NASA's Curiosity rover is using a new experiment to better understand the history of the Martian atmosphere by analyzing xenon.
While NASA's Curiosity rover concluded its detailed examination of the rock layers of the "Pahrump Hills" in Gale Crater on Mars this winter, some members of the rover team were busy analyzing the Martian atmosphere for xenon, a heavy noble gas.
Curiosity's Sample Analysis at Mars (SAM) experiment analyzed xenon in the planet's atmosphere. Since noble gases are chemically inert and do not react with other substances in the air or on the ground, they are excellent tracers of the history of the atmosphere. Xenon is present in the Martian atmosphere at a challengingly low quantity and can be directly measured only with on-site experiments such as SAM.
"Xenon is a fundamental measurement to make on a planet such as Mars or Venus, since it provides essential information to understand the early history of these planets and why they turned out so differently from Earth," said Melissa Trainer, one of the scientists analyzing the SAM data.
A planetary atmosphere is made up of different gases, which are in turn made up of variants of the same chemical element called isotopes. When a planet loses its atmosphere, that process can affect the ratios of remaining isotopes.

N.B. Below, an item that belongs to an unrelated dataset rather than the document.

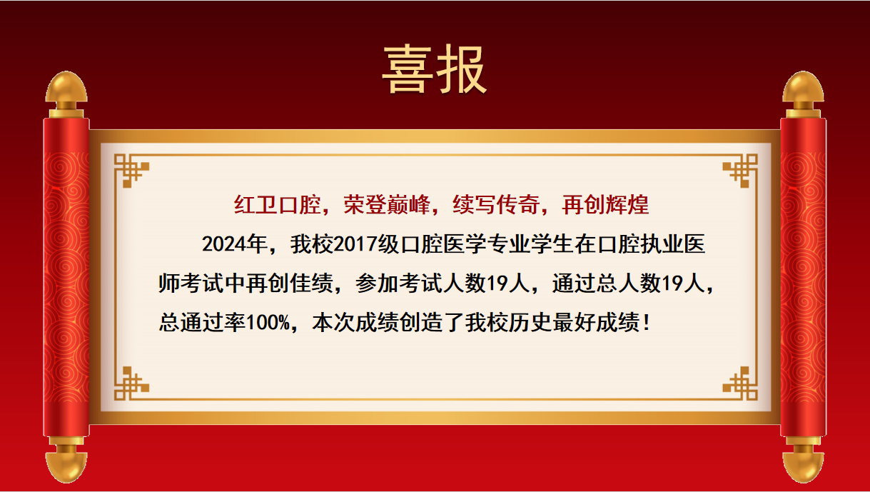 同时2017级口腔医学专业学生在口腔执业医师考试中再创辉煌,参加考试人数19人,通过总人数19人,总通过率100%,该成绩创我校历史新高!

Measuring xenon tells us more about the history of the loss of the Martian atmosphere. The special characteristics of xenon - it exists naturally in nine different isotopes, ranging in atomic mass from 124 (with 70 neutrons per atom) to 136 (with 82 neutrons per atom) - allows us to learn more about the process by which the layers of atmosphere were stripped off Mars than using measurements of other gases.
A process removing gas from the top of the atmosphere removes lighter isotopes more readily than heavier ones, leaving a ratio higher in heavier isotopes than it was originally.

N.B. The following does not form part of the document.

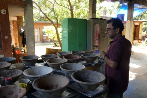 The ecological housing project of architect Manu Gopalan and his team of educators, biologists, masons, and students are building ‘Sacred Groves’ a 3-part prototype built with mud bricks, rainwater harvesting, solar panels, use of palm wood etc. The project serves as a hands-on workshop for architecture students and volunteers who live in dorms on the site and maintain a permaculture garden/kitchen. In addition, some experimental 1-room houses are under construction, designed by students. Also gender roles are clearly different here. Two girls with a wheelbarrow pass us.

The SAM measurement of the ratios of the nine xenon isotopes traces a very early period in the history of Mars when a vigorous atmospheric escape process was pulling away even the heavy xenon gas. The lighter isotopes were escaping just a bit faster than the heavy isotopes.
Those escapes affected the ratio of isotopes in the atmosphere left behind, and the ratios today are a signature retained in the atmosphere for billions of years. This signature was first inferred several decades ago from isotope measurements on small amounts of Martian atmospheric gas trapped in rocks from Mars that made their way to Earth as meteorites.
"We are seeing a remarkably close match of the in-situ data to that from bits of atmosphere captured in some of the Martian meteorites," said SAM Deputy Principal Investigator Pan Conrad.
SAM previously measured the ratio of two isotopes of a different noble gas, argon. The results pointed to continuous loss over time of much of the original atmosphere of Mars.
The xenon experiment required months of careful testing at NASA's Goddard Space Flight Center in Greenbelt, Maryland, using a close copy of the SAM instrument enclosed in a chamber that simulates the Mars environment. This testing was led by Goddard's Charles Malespin, who developed and optimized the sequence of instructions for SAM to carry out on Mars.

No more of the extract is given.